Like @nickbart, I disagree with "Given correct data entry, the dropping particle has no significance for CSL or Zotero, so we can ignore parsing that part altogether.". Dropping particles are treated differently from initials or non-dropping particles, so you need to treat them as their own class of name element.
As for "The non-dropping particle ... may be joined with family name by punctuation", I would just like to add that the punctuation options are probably rather limited in (Western) names. I think spaces, apostrophes/quote marks, and hyphens cover most cases.
Then with regard to "Current suggestion is for some ... solution that cycles through possible permutations" and "User must know what he's looking for anyway, so I don't really see why that is easier than just correcting the case manually.". The main issue I have with the current setup is that users need to be explicitly aware of the existence of dropping and non-dropping particles, as well as the precise formatting requirements in Zotero to get correct output. This all without the Zotero UI giving any guidance or feedback when editing the name field.
Instead of a UI option that cycles through the different two-field name element storage options, like Frank's example:
van der Merwe, Wikus
Van der Merwe, Wikus
Van Der Merwe, Wikus
"van der Merwe", Wikus
der Merwe, Wikus van
Der Merwe, Wikus van
"der Merwe", Wikus van
Merwe, Wikus van der
van der Merwe, Wikus
I would like to propose two possible changes. First, I think the user should be confronted with all options simultaneously. I think cycling through this many options is just confusing. Even looking at the entire list right now it takes me a long time to figure out what's what. Second, I think the UI should focus on the desired output instead of the way the name needs to be stored in Zotero. E.g. the list could also be presented as a menu with the following options:
"(van der Merwe)" - "Merwe, W. van der"
"(Van der Merwe)" - "Van der Merwe, W."
"(Van Der Merwe)" - "Van Der Merwe, W."
"(van der Merwe)" - "van der Merwe, W."
"(der Merwe)" - "Merwe, W. van der"
"(Der Merwe)" - "Der Merwe, W. van"
"(der Merwe)" - "der Merwe, W. van"
"(Merwe)" - "Merwe, W. van der"
That seems much more intuitive to me. Zotero can then easily rearrange the name elements as required.
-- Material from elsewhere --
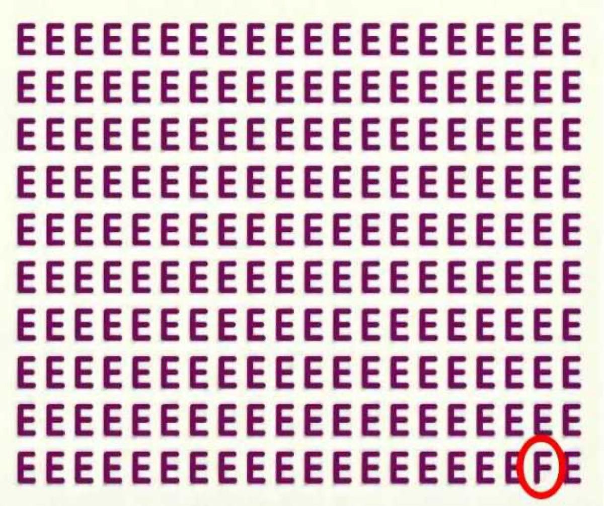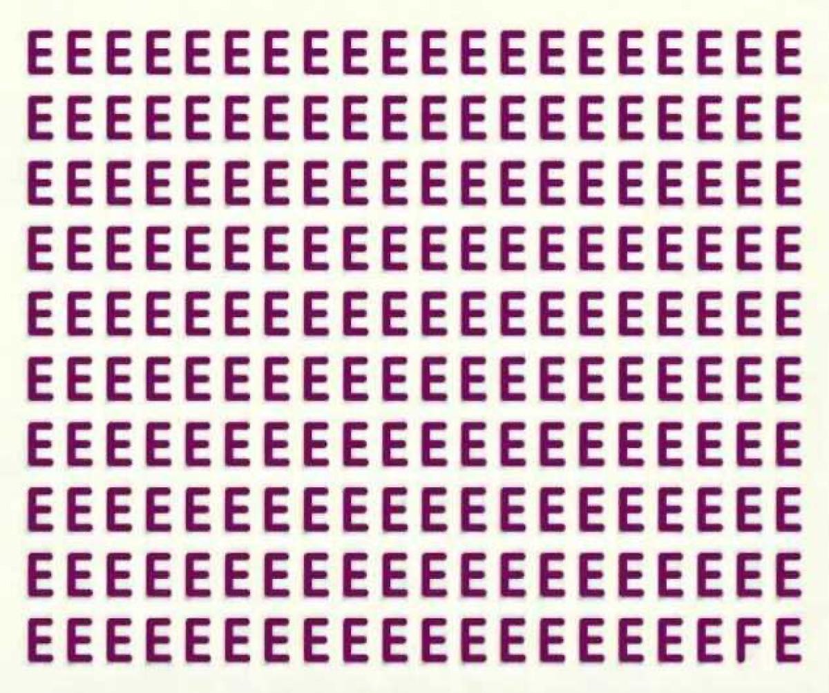 Bugünkü görsel illüzyon testinde ise, onlarca E harfinin arasına ustaca gizlenmiş bir F harfi bulunuyor.

Finally, regarding "Correctly parsing/splitting names on import", I generally agree. In my own experience there are two annoying things. First, capitalization on import is often wrong. I deal with a fair number of Dutch names, and often particles come into Zotero uppercased. Second, sometimes non-dropping particles come in as dropping particles (that is, they reside in the given name field). It would be nice if Zotero had an easier way to move particles between the two name fields. Currently it's quite an ordeal: activate name field A, select particle, cut particle, activate name field B, select insertion point, paste particle.
To their arguments, I'd add that it would be nice if CSL could, *in the future*, format the dropping particle, at least to add parenthesis. To take a (now) well-known example: "La Fontaine, Jean (de)" and even "La Fontaine (de), Jean" is sometimes the desired output.
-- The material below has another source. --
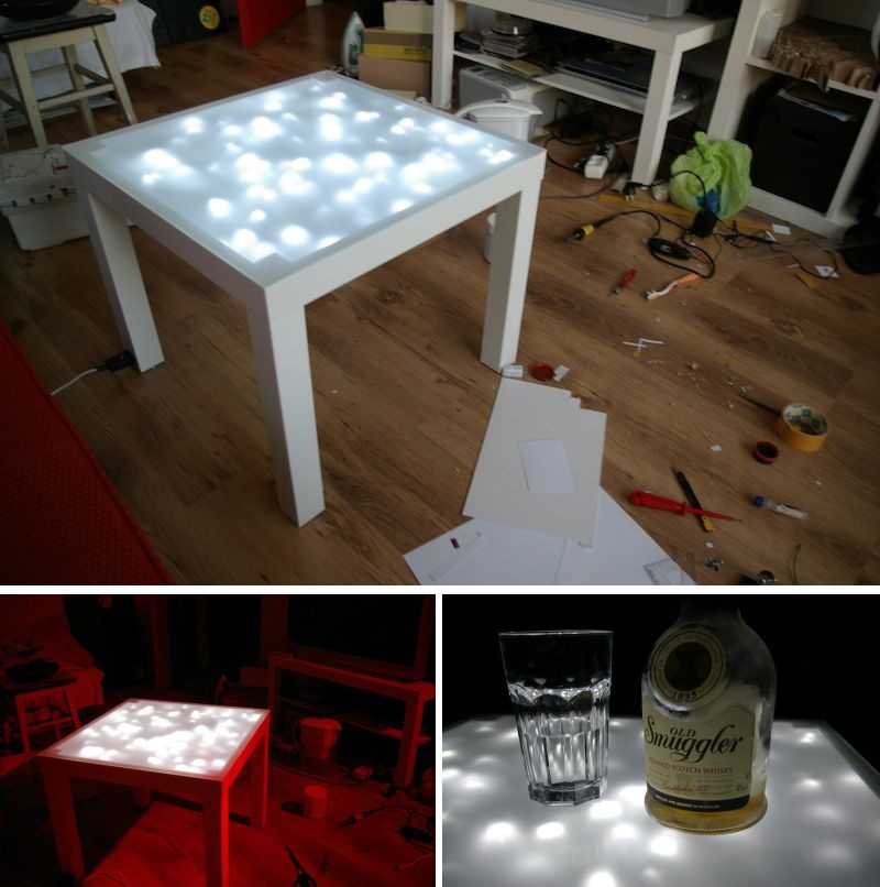 Y si quieres algo aún más elegante, echa un vistazo a esta elegante mesa con una parte superior que se ilumina. Para este proyecto necesitas una mesa Lack, una lámina de vidrio esmerilado cortado a medida, luces navideñas LED, cinta de espuma de doble cara, cable eléctrico y algunos enchufes e interruptores. Corta la mesa con un cortapapeles e inserta el cable, las luces y todo lo demás. Luego conecte los cables, pruebe todo y pegue con cinta adhesiva los cables. Luego, coloque cinta de espuma sobre el vidrio y péguelo a la mesa. {Encontrado en instructables }.

I didn't understand the purpose of the keyboard permutations of a name with particles at first, but I'm now convinced: it will make the mechanism of the particles parsing discoverable and clear to the user, especially with Rintze's proposals above which I second!
[Author] [Ann de, III]
is parsed as"family": "Author",
"given": "Ann de",
"suffix": "III"
[van Author] [Ann von]
is parsed as"family": "Author",
"given": "Ann von",
"non-dropping-particle": "van"
[de l’Author] [Ann]
is parsed as"family": "l’Author",
(though"given": "Ann",
"non-dropping-particle": "de"
de l’
is on the list),[vom und zum Author] [Ann]
is parsed as"family": "und zum Author",
(though"given": "Ann",
"non-dropping-particle": "vom"
vom und zum
is on the list).(1) is a bug.
(2) "von van" is not a listed particle, so "van" as NDP is expected.
(3) is a bug.
(4) is a bug.
I'll take a look, although the current parser will have a limited life expectancy. In the parser for the UI code I'm building with the same particles data, (1) fails, and (2)-(3) pass.
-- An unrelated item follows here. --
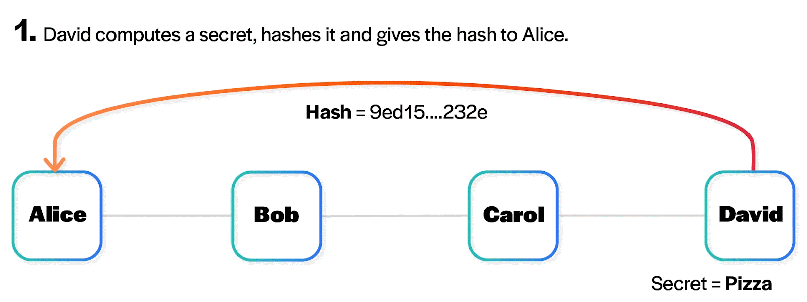 Per prima cosa David, il destinatario del pagamento, crea da un generatore di numeri casuali un valore chiamato Payment Secret, calcolandone poi l’hash SHA-2561. Il risultato prende il nome di Payment Hash e viene inviato da David ad Alice, la mittente della transazione.

(Edit: Actually, I think I can just adapt the UI parsing code to do the classification. The new code is much more transparent, and since there may be a role for the classifier in translators, refactoring it will be a good use of time.)
Please click and view. I'm curious to know how it will be received.
Would a decoration hint with normal ordering work to distinguish the parts? Something like highlights, or mild boldface, or italics?
Instead, I would show just the family name by itself (`form="short"`), and separately, the full name (`form="long"` and `demote-non-dropping-particle="never"`) with `name-as-sort-order` active. Those two examples would very clearly show which name elements are recognized as particles, which particles are recognized as non-dropping and dropping, and how particles are capitalized.
@Gracile: I think we'll show the option disabled, but you're right that it shouldn't do anything if there is nothing to do.
Maybe "Particler" is a little too casual?
Would love to have this in Zotero.
Do you think the menu would be easier to read if the options are alphabetically sorted? I was on the fence (not demoting looks more natural to my Dutch eyes), but yeah, demoting the non-dropping particles provides more information since it shows the distinction between non-particles and non-dropping particles. Similar to the "Transform Text" option in the title menu, I would go for an action description, e.g. "Adjust Particles".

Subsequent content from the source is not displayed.